Proposition 64 has knocked out the very underpinnings of these decisions. That is, now that Prop 64 has eliminated private AG standing to pursue speedy and simple representative actions, it seems that the issue must be reconsidered in that light: the courts’ equitable power to award damages was sacrificed to the administrative simplicity of representative, non-class actions, so the rationale that informed the prohibition against courts utilizing the entire range of their equitable powers in a UCL action — including the ability to award damages in appropriate cases — has disappeared along with the private AG standing provision that led to that prohibition in the first place.

And in light of Prop 64’s requirement that plaintiffs show they have suffered what amounts to damages (i.e., a loss of money or property), there doesn’t appear to be any valid reason to prohibit them from actually recovering the damages that form the basis of their standing to pursue a claim.

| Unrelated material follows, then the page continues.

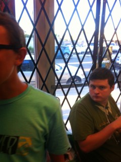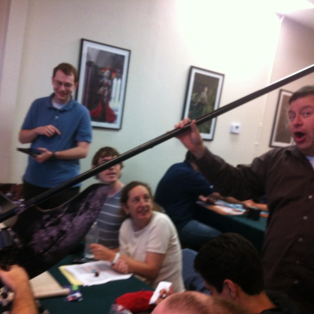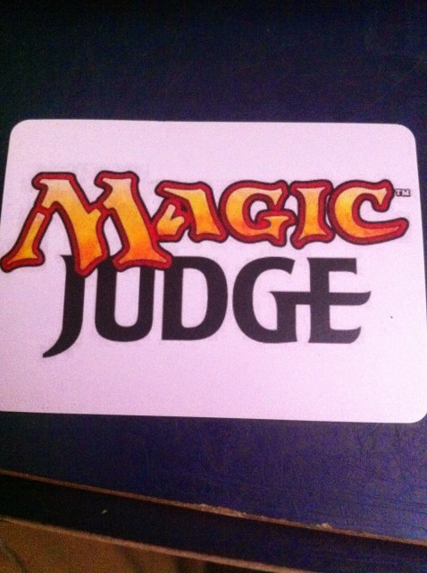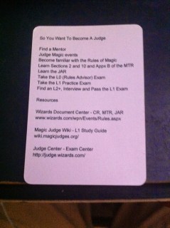 Magic Judge Eric is in the background–he is mentoring brian and I and gave us these great cards for training

This is a very persuasive argument. Bank of the West states in no uncertain terms that tort-like damages remedies were traded away for streamlined "non-class" procedures. Now that those streamlined procedures have been eliminated, why shouldn't that trade-off be reexamined? A damages remedy is no longer procedurally inconsistent with the UCL, and the courts have always enjoyed equitable powers broad enough to afford such a remedy. Any other thoughts?
Comments:
I don't have any "other" thoughts, other than to say that Mr. Fazio makes a very interesting point.